Being wrong

Ah, the Tenth Step. The spiritual axiom in the 12&12, that whenever I’m disturbed there is something wrong with me. How true. And this happened today. And I can see I was wrong. Doesn’t matter what is wrong with the other person. I have to deal with me and not make a judgment.

I learned that a long time ago and here I go again. Proof positive that no matter how long I stay sober I’m still a human being and subject to my faults. And I will be until the end. Like the BB tells me I’m imperfect. Definitely not a saint it states. And like my sponsor and those old timers told me I was going to stumble over and over again. My old sponsor said that when I did I was to pick myself up, dust myself off, and keep on keeping on. In other words to continue to practice spirituality and sobriety.

I made a bad decision today because of one person’s anger. So I did something I thought would clear that up. The reality was that I should have minded my own business. The Serenity Prayer. My need for serenity for what I could not change. Instead of stopping and backing up, I plunged ahead. And that led to a bad situation, which really got in my way and made me angry.

Once again my fault. My wrong. Now I need to back off and let go. There’s no way I can make an amend. Not possible, I know that from other happenings. So, I have to go to my Higher Power and let go and let Him.
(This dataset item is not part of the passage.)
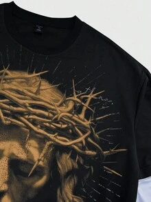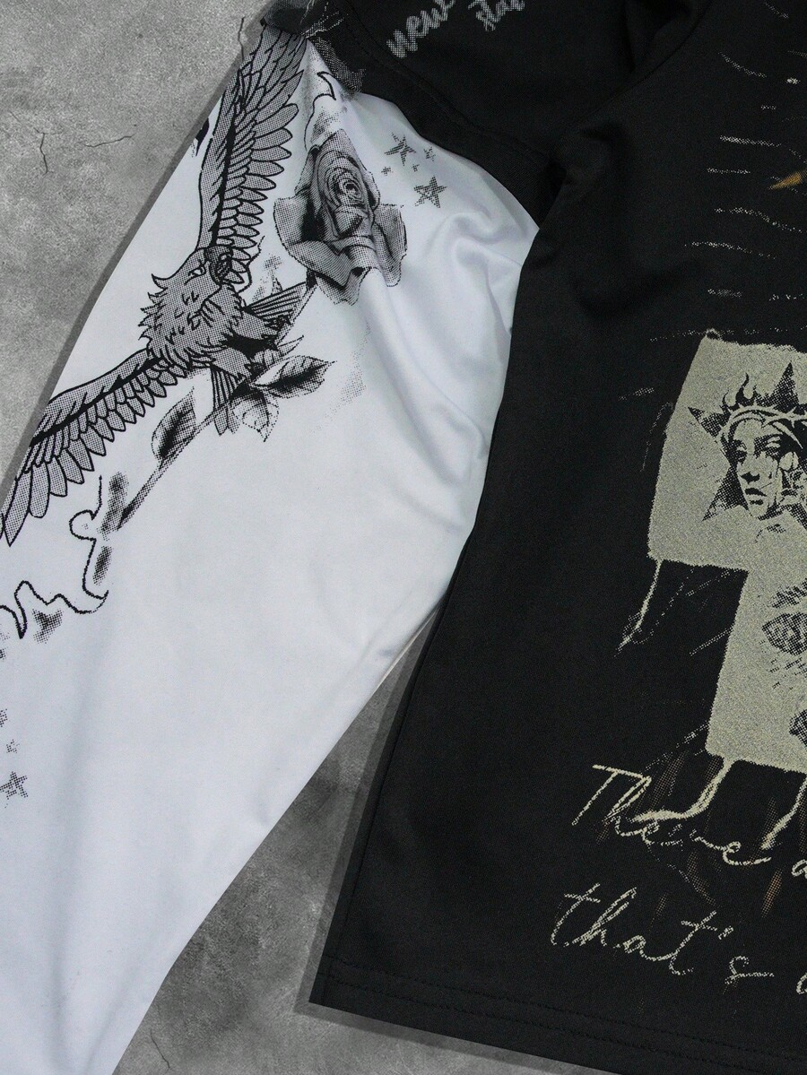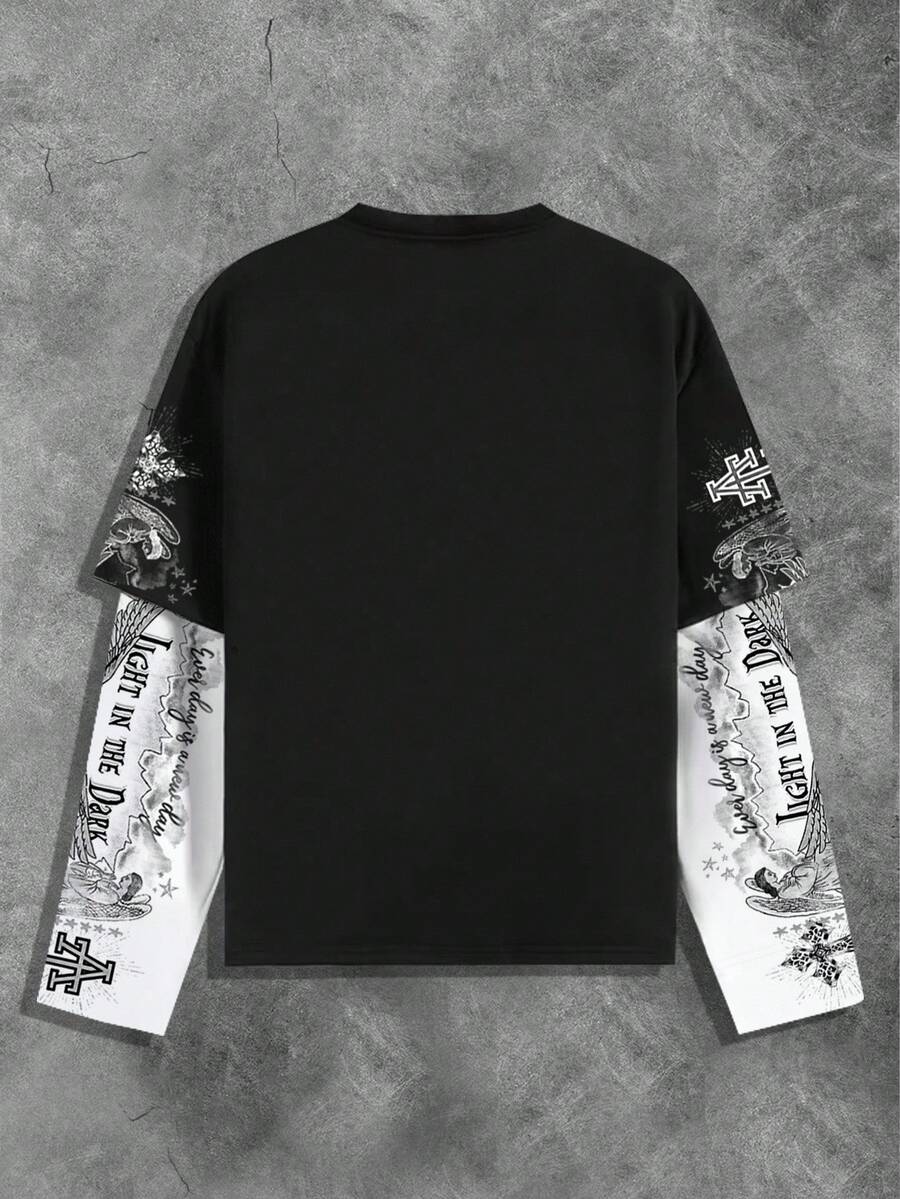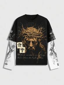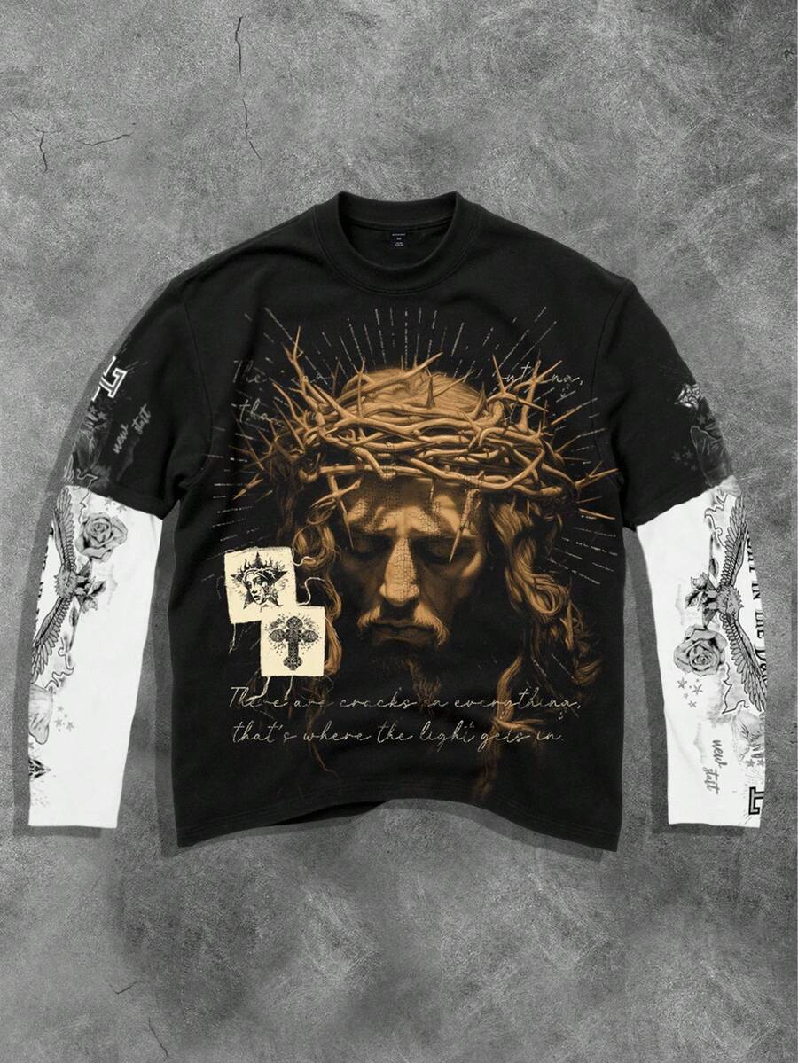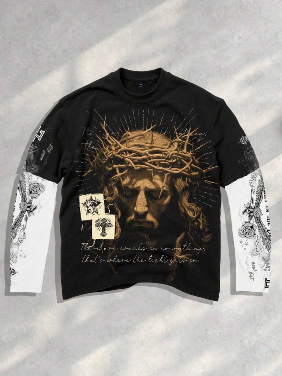 Street Life Men's 2 In 1 Long Sleeve Jesus T-Shirt, Punk Street Style Top, Fall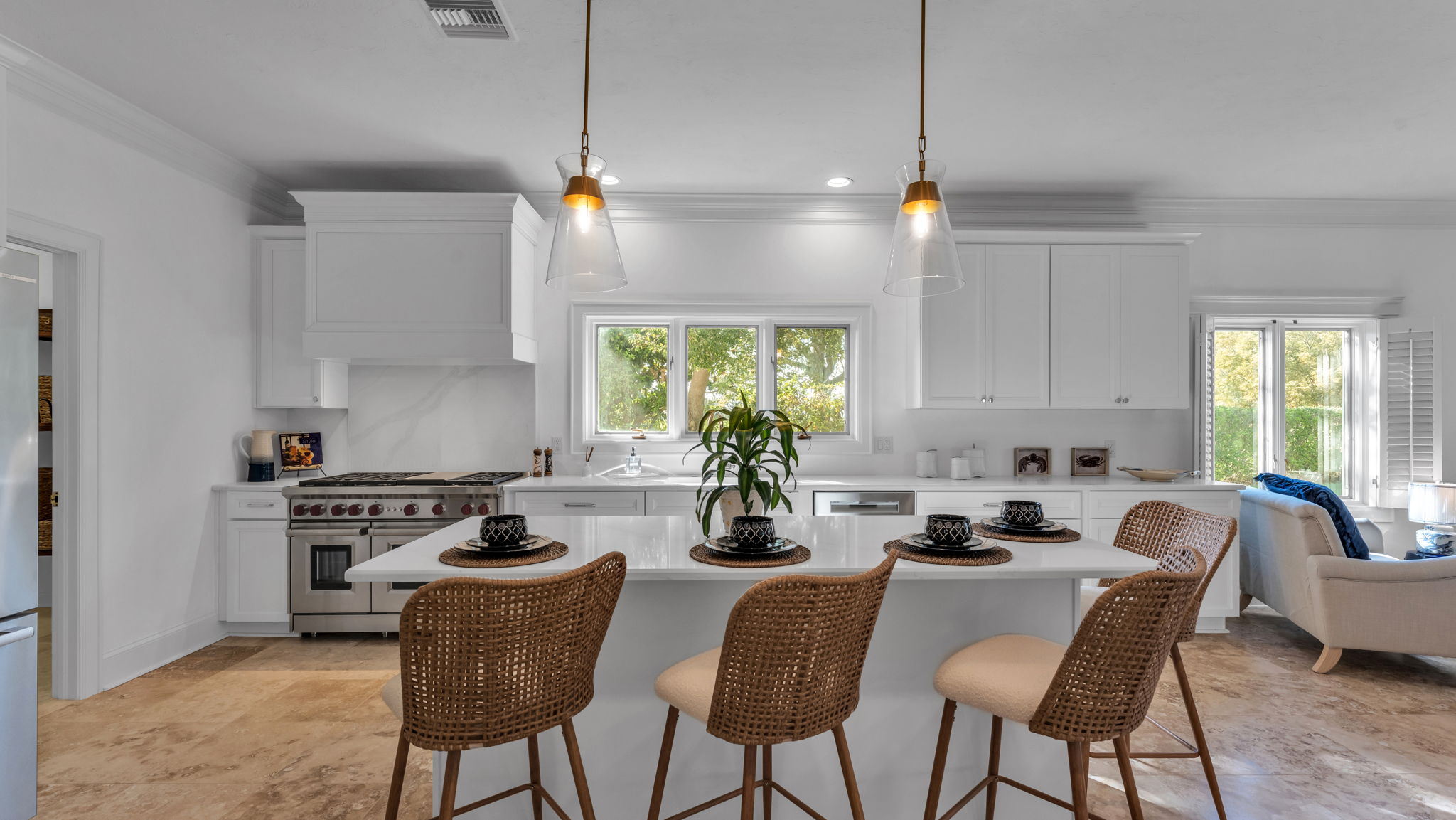 Every element of the renovation was approached with care and craftsmanship. The kitchen has been outfitted with top-of-the-line appliances, custom cabinetry, and luxury materials. The primary suite has been transformed into a spacious retreat with a spa-like bath and ample closet space. Each guest suite features tasteful ensuite bathrooms and refined finishes throughout.

I kind of thought at the moment I was being humorous. I often think myself more funny than serious. It’s one thing to be funny and another to take things seriously. I know from experience what that is, but I tend to forget easily. Anyway I needed to sit and think about this and forgive and forget.

Once again it’s a reminder that my primary purpose is to practice this program so that I can stay sober a day at a time. Despite my defects I need to concentrate on why I am here to begin with. And I am grateful for all I have been given. I thank my Higher Power and this program, as well as all those who have helped me.